#### MATERIALS PROVIDED ####
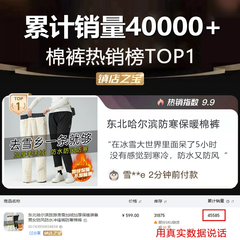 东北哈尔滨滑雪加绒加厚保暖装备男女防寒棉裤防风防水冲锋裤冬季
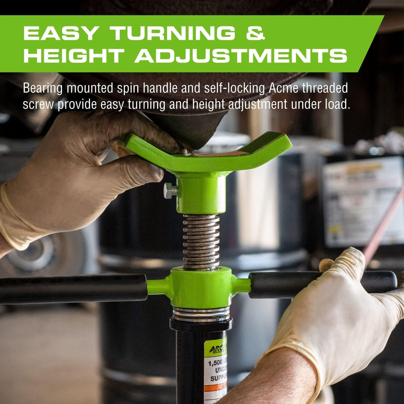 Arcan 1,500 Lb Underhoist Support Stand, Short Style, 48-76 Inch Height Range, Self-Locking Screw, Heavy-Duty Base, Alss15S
####
#### MATERIALS PROVIDED ####
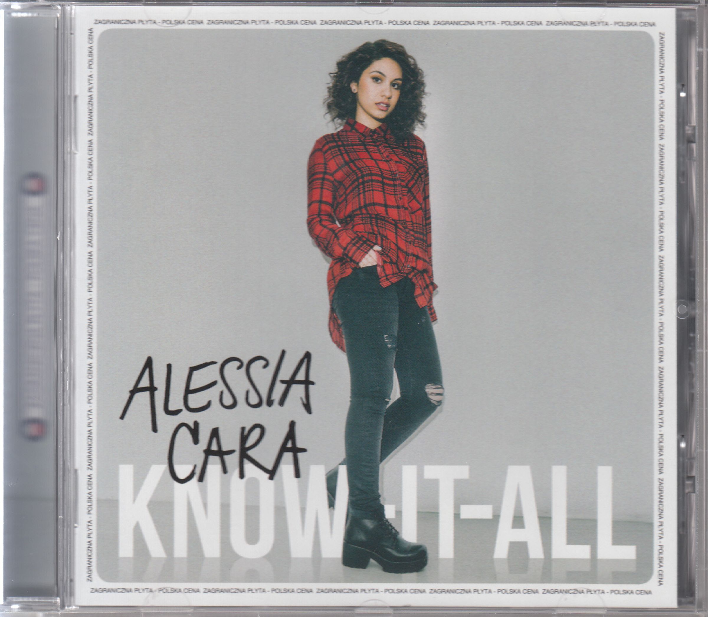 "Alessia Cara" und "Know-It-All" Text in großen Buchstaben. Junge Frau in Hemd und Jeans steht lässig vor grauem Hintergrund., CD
####
A verbatim reproduction is expected: starting at the line above that has "东北哈尔滨滑雪加绒加厚保暖装备男女防寒棉裤防风防水冲锋裤冬季", ending at the line that has "Arcan 1,500 Lb", both included, and with no pictures and no other lines.

 东北哈尔滨滑雪加绒加厚保暖装备男女防寒棉裤防风防水冲锋裤冬季
 Arcan 1,500 Lb Underhoist Support Stand, Short Style, 48-76 Inch Height Range, Self-Locking Screw, Heavy-Duty Base, Alss15S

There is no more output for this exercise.